Lewis was not easy to live in. It struggled to support its native population and, frequently, the answer offered to the poor was ‘go elsewhere ’.
We hear their story often. The Lewis diaspora. They went to the ends of the earth and made the best of it. Some prospered. And some didn’t. Eventually, their deaths would be reported in the ‘Stornoway Gazette’, because, no matter where they were in the world, they belonged here. It was circumstance that sent them away.
Or, to give it another name, providence.
And that same providence kept others at home. Gradually, they honed a community from what was left. Even another war did not finish them.
Far from it.
The generation of young men who fought the war against Hitler, they were the old men of my childhood. There was something about many of them – a kindness, a patience and a quiet, dignified strength. They had seen horrors that my pampered mind cannot conjure. And they came back to this quiet place to make a life.
Only four years after their return, a spiritual awakening began in Barvas. Such events can seem sudden to us, looking as we do through the lens of history.
But God prepares the ground before he plants. Mary Peckham, a reluctant convert in 1950, explained to an American audience many years later what the Lewis of her youth was like. She described how ‘gabhail an leabhair’ was the norm in every household – family worship morning and evening. Unconverted people, that is, as well as Christians. Everyone. And the children were educated in Scripture and in the Shorter Catechism. Little children were learning some very big truths.
And as a result, she said, when God sent His spirit down, ‘there was fuel to burn’.
You cannot make a fire by simply lighting a match, after all. There has to be fuel, and something to make it catch.
I was confined to the house recently because of a stubborn flu. And while I was, I listened to a Gaelic sermon I’d missed in our own church. It was about revival as prayed for in Psalm 126.

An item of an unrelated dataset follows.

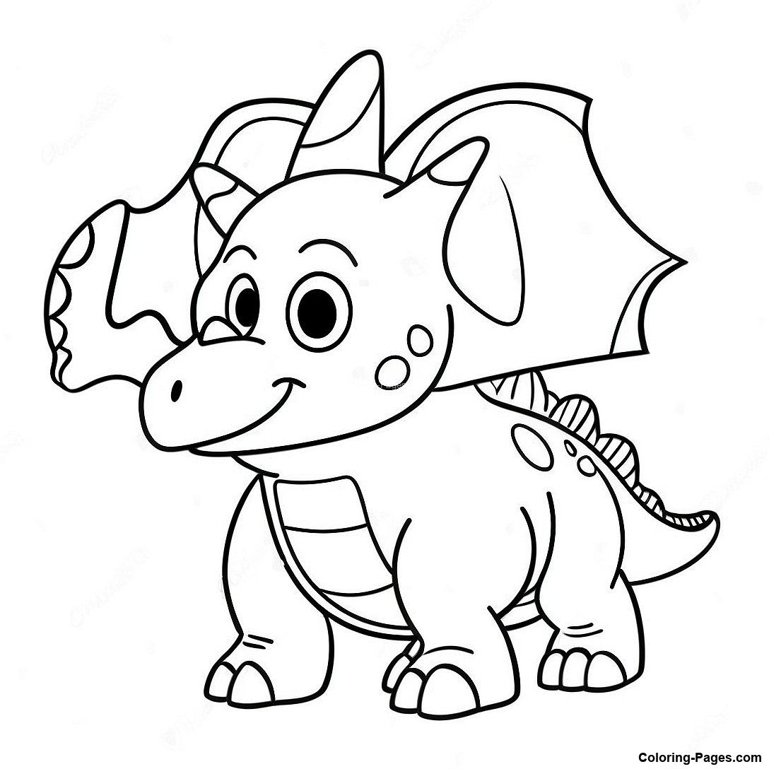 Cartoon Triceratops Playing Coloring Page

When the Lord restored the fortunes of Zion,we were like those who dreamed.
Our mouths were filled with laughter,
our tongues with songs of joy.
The psalmist is not indulging in wistful daydreams about better days long ago. He evokes an older time of bondage from which God released His people, asking – and believing – that He will do so again.
Being aware of our history and of our spiritual heritage as an island people is not an academic exercise, however, and nor is it a foray into nostalgia.
The writer of psalm 126 is not asking God to make things exactly as they were in the glorious days gone by. That wouldn’t benefit anyone, attractive though it may seem.
No, the reason we need to remember these times of revival is so that we pray in earnest that He will send His spirit down again. Nothing short of that will bring the spiritual growth we so desperately desire to see.
This time, though, the fuel is more scattered. While we meditate on God’s goodness in past days of revival, and ask Him in His mercy to remember us once more, there is something else we need to do.
We need to gather together, building up in prayer and fellowship what will become His fire when He chooses the moment to send forth the spark of life.
The history of Lewis is worth keeping in our consciousness because through it, God’s faithfulness frequently shines. As a people, we bore with providence and held fast to Him. I have written elsewhere of how the twin demons of war and emigration were faced down with the singing of psalms. God’s providence is our inheritance, the motto of the old town council, says it best.
He has shown Himself faithful through it all; what reason have we to think that He will fail us now?
He hasn’t; He won’t. We must bear with His timescales and His plan. Think of what he has brought us from and what He has brought us to. Think of who He is and what He has done.
That’s who we are counting on – not governments, or economists, not churches, and certainly not ourselves.
His providence is our inheritance, and our heritage is established by Him. It is an unquenchable flame, and He is not finished with us yet.